Album Review: Hair Police – Mercurial Rites

[Type; 2013]

It takes all of a minute and a half for the Hair Police of years past to resurface from the clangorous ooze that opens this new record, Mercurial Rites. After five years of radio silence, and with nothing more than a missive from the Type Records twitter feed, the Lexington, KY founded noise godheads unleashed their return on an unsuspecting music public. Lollapalooza appearances aside, their sludgy convalescence is the stuff of pure anti-social nightmare, with Mike Connelly’s death whisper the terrifying final brick in a menacing facade.

That first minute and a half, before Connelly (also on guitar duty) launches into his terrifying rasp, most evidently illustrates Mercurial Rites’ wild success. Noise releases, with Hair Police’s previous work as no exception, so often deal in intentionally confrontational bursts of high gain static. These blasts of noise are sledgehammers aimed straight for the eardrums and intellects, but subtlety and poise frequently become collateral damage. It’s a genre built on the visceral experience of horror and tortuous potential of pure sound that it so often comes at the expense of personal touch. But Hair Police, eschewing the feedback and hi-hat opening of their last record Certainty of Swarms, lets the cruciation of Robert Beatty’s textured electronics come to the forefront of this record. Both in the first couple minutes of “We Prepare” and throughout, Hair Police are content to lean on Beatty’s work.

“The Crevice,” which is no doubt home to some of Connelly’s most sickening gasps, is similarly reliant on Beatty’s synth bursts. These tracks find sonic brethren in the dubby darkness of Vatican Shadow or Demdike Stare more than in the post-hardcore full band noise of past Hair Police releases. But don’t take that to mean this is Hair Police’s attempt at fulfilling the noise-dudes-go-techno narrative. Hair Police find their ties to those aforementioned acts in their gloomy atmospherics rather than in any dancefloor roots. Mercurial Rites’s stays away from the temptation of four on the floor experimentation and its all the more woozy and unsettling for it. Take the utter blackness of those groups and take away their kick drums and you’re left with this terrifying groan of instruments pitted against one another. With this new emphasis on atmosphere, rather than utter punishment, Hair Police has managed to appreciably transcend noise conventions and create something far more foreboding.

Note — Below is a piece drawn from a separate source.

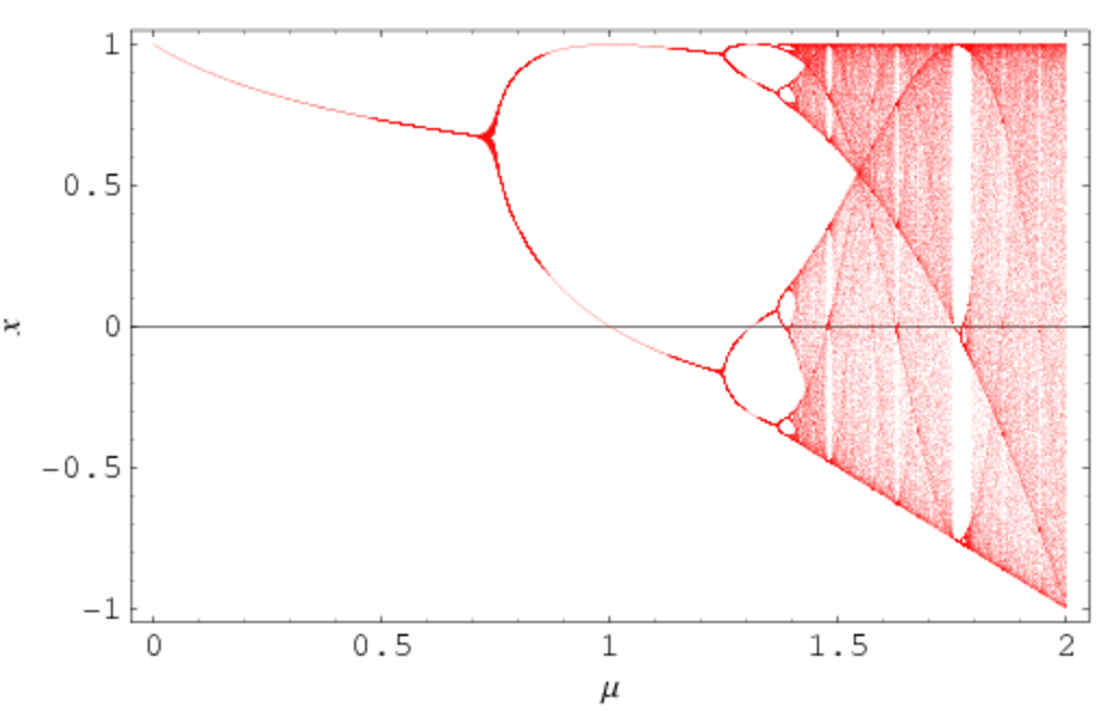 | We can graph μ and x, which are two numbers that multiply to give a fixed value. By looking at different μ values that are close to one another, we can calculate δ, the Feigenbaum constant. |

These more passive but no less scary song fragments are punctuated by jump scares from Connelly, who recently quit his higher profile gig at Wolf Eyes to focus on Hair Police and his solo work. “The Scent”’s vocals are the handiwork of a man deranged. Single synth notes part the bleakness to make way for crazed ramblings into a distorted mic that run the gamut from homeless man on a street corner to mumbling psychopath and back again, all in the span of just five minutes. At it’s heart, this record most clearly bares the touch of Beatty’s electronics, but Connelly still manages to steal the show. His grand entrance on “We Prepare” is the stuff of noisenik wet dreams, tearing seams in terrorizing tapestries with a sub-Black Metal bloodcurdling rasp made up of equal parts blown out vocal chords and carefully pointed malice. His vocals collapse into animalistic barks on the closing moments of the title track, and he whispers his way out, the mumbling psychotic again, as if those outbursts never happened to begin with.

Hair Police have built their career on being loud, being in your face, as Wolf Eyes more sinister younger brother, but as Mike Connelly makes his move away from Wolf Eyes and further legitimizes the output of Hair Police in its own right its becoming clear that they stand above much of that disquieting output. Hair Police, for the first time, have demonstrated restraint and touch. Whether the work of Beatty or a collective effort to pull back and let some of the dust settle, Hair Police manage to make the most of their emphasis on suggestion and allow the noisier bits to take their rightful place as menacing climaxes rather than an overstimulating status quo. All that’s left for you to do is turn it on, then gradually curl up in a fetal position and cry.